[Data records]
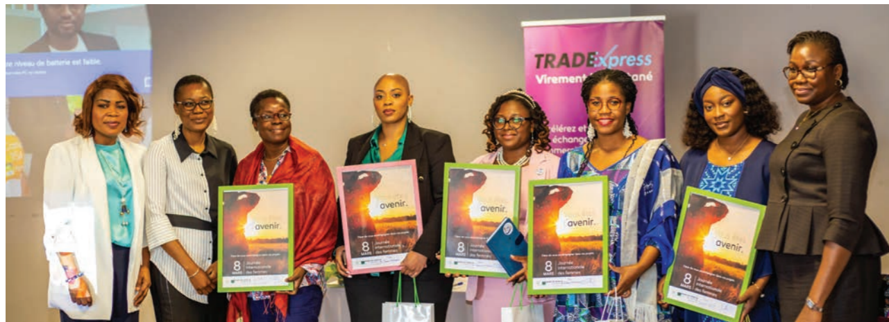
Célébration de la Journée Internationale des Droits des Femmes

Boulevard de la République, 01 BP 229 - Lomé – TOGO Tél. : +(228) 22 53 62 62
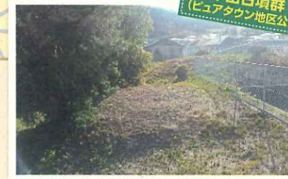
平田古墳群及びゆふけ遺跡跡から出土した土器の一部は、安濃図書館2階の安濃郷土資料館に展示されています。

平坦な道で歩きやすいコースです。大市神社は100段以上の階段がありますが、裏道は坂道となっており、足に自信のない方でも大丈夫です。
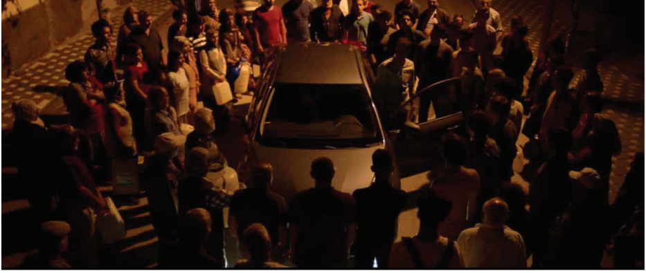
Görsel 9. Savcının aracının önünü kesen kalabalığın görüntüsü (Alper, 2022)

Filmin ilerleyen bölümünde savcı Emre ile gazeteci Murat 'ın kasabaya girişleri sırasında kalabalık tarafından araçlarının çevrelenmesi, temsilden çok bir imgesel yoğunluk üretir. Üst açıdan kurulan kadraj, bireysel öznellikleri sikkileştirir ve kalabalığı tek tek bedenlerden oluşan bir topluluk olmaktan çıkararak homojen bir kuvvet alanına dönüştürür. Bu sahne, Deleuze'ün duygulanım-imge kavramı çerçevesinde okunabilir. Eylemin henüz gerçekleşmediği, fakat potansiyel olarak yoğunlaştığı bu anlarda hareket askıya alınır ve sahne bir gerilim yüzeyine dönüşür. Kalabalığın sessiz yaklaşımı, aracın etrafında dalaran çember ve karakterlerin hareket alanının kısıtlanması, nedensel bir açıklamadan çok bir kuşatma duygusu üretir. Tehdit fiili bir saldırıya dönüşmez, ancak imge saf bir basınç ve etkilenme alanı kurar. Bu bağlamda kalabalık, su krizinin temsilden ziyade toplumsal tıkanmanın yoğunlaşmış bir imgesi gibi işler. Savcının sembolik iktidarı bu kuvvet alanı içinde askıya alınır; sahne bir olayın temsilden ziyade izleyiciyi doğrudan bir etkilenme alanına yerleştiren yoğun bir duygulanım-imge üretir.

* TASK DETAILS
Which of the lines above hold the string "Savcının"? Copy each one.

* ANSWER TO THE PROBLEM
Görsel 9. Savcının aracının önünü kesen kalabalığın görüntüsü (Alper, 2022)
Filmin ilerleyen bölümünde savcı Emre ile gazeteci Murat 'ın kasabaya girişleri sırasında kalabalık tarafından araçlarının çevrelenmesi, temsilden çok bir imgesel yoğunluk üretir. Üst açıdan kurulan kadraj, bireysel öznellikleri sikkileştirir ve kalabalığı tek tek bedenlerden oluşan bir topluluk olmaktan çıkararak homojen bir kuvvet alanına dönüştürür. Bu sahne, Deleuze'ün duygulanım-imge kavramı çerçevesinde okunabilir. Eylemin henüz gerçekleşmediği, fakat potansiyel olarak yoğunlaştığı bu anlarda hareket askıya alınır ve sahne bir gerilim yüzeyine dönüşür. Kalabalığın sessiz yaklaşımı, aracın etrafında dalaran çember ve karakterlerin hareket alanının kısıtlanması, nedensel bir açıklamadan çok bir kuşatma duygusu üretir. Tehdit fiili bir saldırıya dönüşmez, ancak imge saf bir basınç ve etkilenme alanı kurar. Bu bağlamda kalabalık, su krizinin temsilden ziyade toplumsal tıkanmanın yoğunlaşmış bir imgesi gibi işler. Savcının sembolik iktidarı bu kuvvet alanı içinde askıya alınır; sahne bir olayın temsilden ziyade izleyiciyi doğrudan bir etkilenme alanına yerleştiren yoğun bir duygulanım-imge üretir.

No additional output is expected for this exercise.